Others go further and assert that there are numerous sympathetic portrayals of Catholic themes, characters and, even, places within Shakespeare’s plays including Purgatory which is obviously referenced by the Ghost in Hamlet, positive portrayals of priests in both Romeo and Juliet and Much Ado About Nothing and of Catholic characters in other plays which is argued by Clare Asquith in her book Shadowplay: the Hidden Beliefs and Coded Politics of William Shakespeare as well as the fact that several of Shakespeare’s comedies take place in Catholic Italy as was pointed out by renowned Shakespeare scholar Fr Peter Milward SJ.

As Stephen Greenblatt suggests, “We do not, however, need to believe that Shakespeare was himself a secret Catholic sympathiser, we need only to recognise how alert he was to the materials that were being made available to him.”

As Shakespeare’s 400th anniversary year comes to its conclusion – for a brief moment – perhaps we might consider leaving aside arguments over whether Shakespeare was a himself a practising Catholic, which everyone agrees in any case is hard to prove definitively, as any Catholicism at the time was practised in the utmost secrecy. Instead perhaps we can reflect more broadly on what is now quite widespread agreement amongst scholars that Shakespeare was brought up in a Catholic family, and that the family in general had recusant sympathies.
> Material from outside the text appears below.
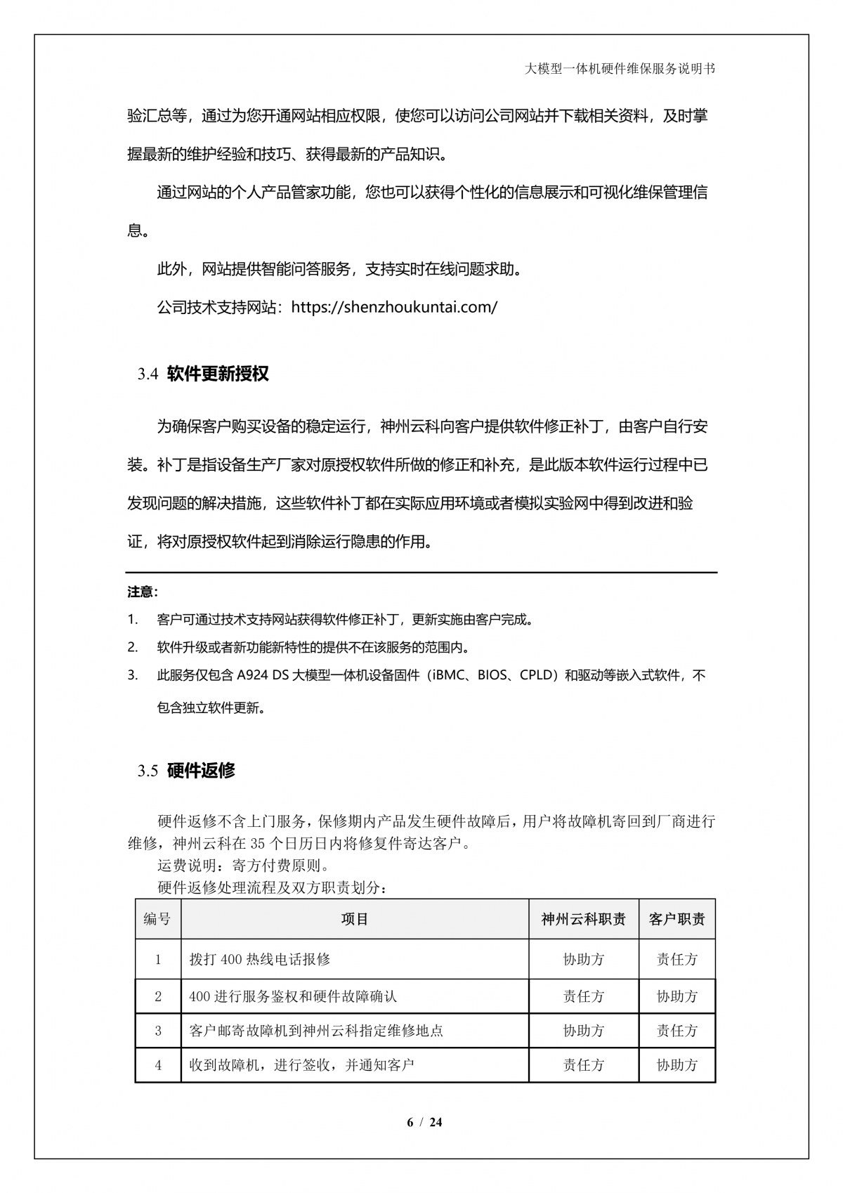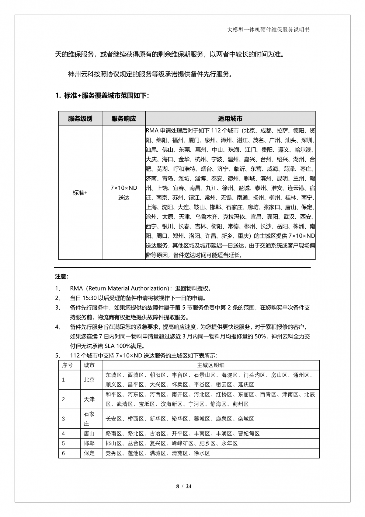 尊龙凯时z6comA924 DS大模型一体机硬件维保服务说明书_V1.1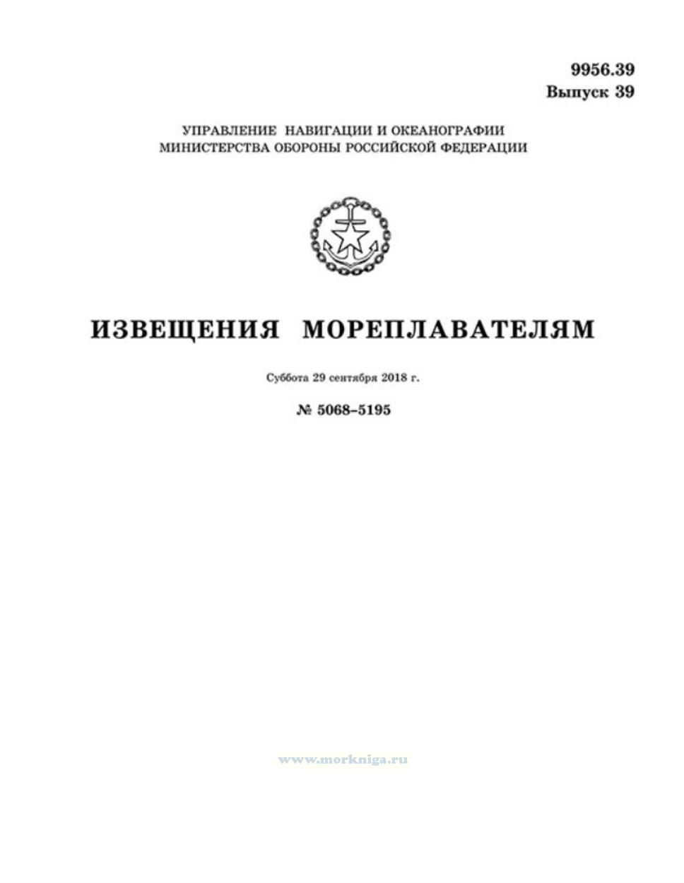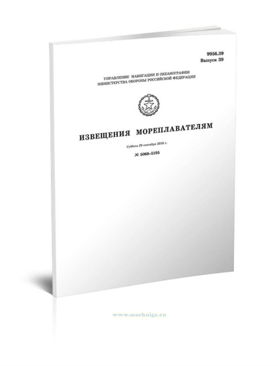Извещения мореплавателям. Выпуск 39. № 5068-5195 (от 29 сентября 2018 г.) Адм. 9956.39

Maybe the real question is, did Shakespeare’s Catholic upbringing in any way inform his writing? With this in mind, it might be worth going back and re-reading your Shakespeare Anthology or going to see his plays again on stage. Luckily, his most famous play happens to be playing in Sydney again later this month.

Artes Christi will stage Shakespeare’s Hamlet, produced by Anthony McCarthy, at the Seymour Centre from 14-15 October. Tickets from $35 ($30 concession). Family and group discounts also available. Book online at theword.org.au.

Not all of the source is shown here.